Question

A body consisting of a cone and hemisphere on the same base then greatest height of the one the equilibrium may be stable is ?
1.. √2
2.. √5
3.. √7
4... √3

Answer 1

Answer:

Height will be √3 times radius

Step-by-step explanation:

As the body is symmetrical about the vertical axis, its centre of gravity will lie on this axis.

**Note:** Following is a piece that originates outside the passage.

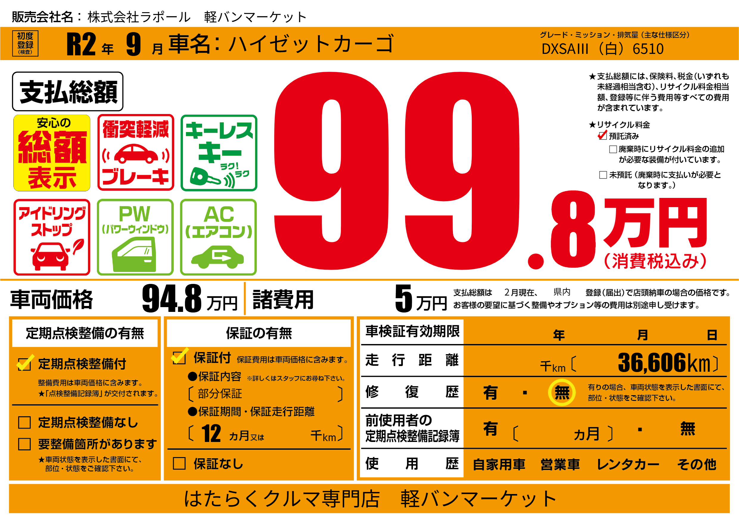 保証付き 保証内容(部分保証) 12ヶ月または()千kmまで |

Considering two parts of the body, viz. hemisphere and cone. Let bottom of the hemisphere be the axis reference.

Hemisphere:

y-coordinate of center of graving of hemisphere.

$y_{1}=\frac{5}{8} r \text {. }$

Mass of hemisphere :

$m_{1}=\rho \frac{2}{3} \pi r^{3}$

For cone :

Y-coordinate of centre of gravity of cone

$y_{2}=r+\frac{h}{4}$

$Mass of cone \quad m_{2}=\rho \frac{1}{3} \pi r^{2} h$

Distance of centre of gravity of the combined body from O is,

$\bar{y}=\frac{m_{1} y_{1}+m_{2} y_{2}}{m_{1}+m_{2}}=\frac{\rho\left(\frac{2}{3}\right) \pi r^{3} \times\left(\frac{5}{8}\right) r+\rho\left(\frac{1}{3}\right) \pi r^{2} h \times\left[r+\left(\frac{h}{4}\right)\right]}{\rho\left(\frac{2}{3}\right) \pi r^{3}+\rho\left(\frac{1}{3}\right) \pi r^{2} h}$

$\bar{y}=\frac{\left(\frac{5}{12}\right) r^{4}+\left(\frac{1}{3}\right) r^{3} h+\left(\frac{1}{12}\right) r^{2} h^{2}}{\left(\frac{2}{3}\right) r^{3}+\left(\frac{1}{3}\right) r^{2} h}$

Condition for stable equilibrium :

Center of gravity of a body should be below the common face BC or maximum it coined with it. Therefore,

$\bar{y}=\frac{\left(\frac{5}{12}\right) r^{4}+\left(\frac{1}{3}\right) r^{3} h+\left(\frac{1}{12}\right) r^{2} h^{2}}{\left(\frac{2}{3}\right) r^{3}+\left(\frac{1}{3}\right) r^{2} h}$

On solving,

$r^{2}=h^{2} \\&h=\sqrt{3} \cdot r \\&h=1.739 r$

So height  is √3 times greater than radius of cone.